José Ángel Talavera

Personal information
- Full name: José Ángel Talavera Juárez
- Date of birth: 2 August 1950 (age 76)
- Place of birth: Zacatepec de Hidalgo, Morelos, Mexico
- Height: 1.73 m (5 ft 8 in)
- Position: Midfielder

Senior career*
- Years: Team / Apps / (Gls)
- 1971–1974: Torreón
- 1974–1975: U. de Guadalajara
- 1975–1977: Atlético Potosino
- 1977–1978: Tigres UANL
- 1978–1979: CD Coyotes Neza

International career
- 1972: Mexico Olympic / 3 / (0)

= José Talavera =

Mexican footballer (born 1950)

José Ángel Talavera Juárez (born 2 August 1950) is a Mexican former professional footballer who played as a midfielder. He represented Mexico at the 1972 Summer Olympics and was a member of the Tigres UANL squad that won the club's first-ever league title in 1978.

== Club career ==
Talavera began his professional career in the early 1970s, establishing himself as a reliable midfielder in the Mexican Primera División. He made his professional debut with CF Torreón, where he played from 1971 to 1974. Following his time in Torreón, he joined the newly formed Universidad de Guadalajara (Leones Negros) for the 1974–1975 season, coinciding with the club's debut in the top flight.
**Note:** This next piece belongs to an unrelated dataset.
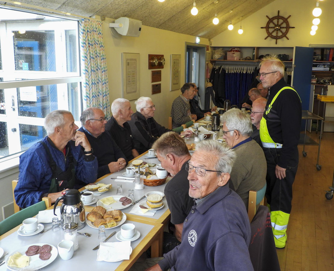 Det kan man tydeligt både se og høre, da klokken nærmer sig 10.30, for så er det nemlig kaffe og morgenbrødstid. Og måske en lille en til halsen. Det er jo koldt udenfor.

In 1975, Talavera moved to Atlético Potosino, spending two seasons with the San Luis Potosí-based club. His performances there earned him a move to Tigres UANL in 1977. This period proved to be the pinnacle of his domestic career. In his first season with the university club (1977–1978), Talavera was part of the historic squad that defeated UNAM Pumas in the final to claim Tigres' first-ever Primera División championship.
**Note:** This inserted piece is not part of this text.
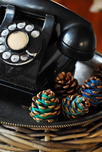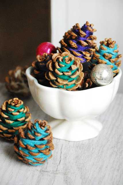 Очень простой способ быстро и ярко преобразить обычные шишки – оплести их пряжей. Подобрав любимые цвета, вам останется лишь потратить немного времени на создание такого чуда. Но все же рекомендуется прибегать к использованию более традиционной цветовой гаммы – синим, голубым, белым, фиолетовым, красным и зеленым оттенкам.

After the title-winning season, Talavera moved to CD Coyotes Neza for the 1978–1979 campaign. The club was a new addition to the league at the time, having recently acquired the franchise of CF Laguna. He concluded his high-level professional career shortly thereafter, leaving a legacy as a versatile midfielder during one of the most competitive eras of Mexican football.

== Career statistics ==
=== Club ===

| Club | Season | League |  |  |
| Division | Apps | Goals |
| Torreón | 1971–72 | Primera División | — | — |
| 1972–73 | — | — |
| 1973–74 | — | — |
| Total |  | — | — |
| U. de Guadalajara | 1974–75 | Primera División | — | — |
| Atlético Potosino | 1975–76 | Primera División | — | — |
| 1976–77 | — | — |
| Total |  | — | — |
| Tigres UANL | 1977–78 | Primera División | — | — |
| CD Coyotes Neza | 1978–79 | Primera División | — | — |
| Career total |  |  | — | — |

Note: Precise appearance data for several seasons in the 1970s is currently unavailable in digital archives.
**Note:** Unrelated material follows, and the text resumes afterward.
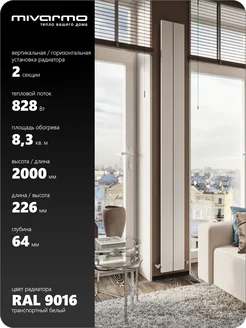 Секционный радиатор отопления - RAL 9016 200 см - 2 секции

== International career ==
Talavera was a key member of the Mexico national amateur team during the early 1970s. His most significant international contribution came in 1972, when he was selected by coach Diego Mercado to represent Mexico at the 1972 Summer Olympics in Munich, West Germany.

During the tournament, Talavera appeared in three matches. He played in the opening group stage matches, including a 1–0 victory over Sudan and a 1–0 win against Burma (now Myanmar). He also featured in the second group stage match against the Soviet Union. Mexico ultimately finished the tournament in 7th place.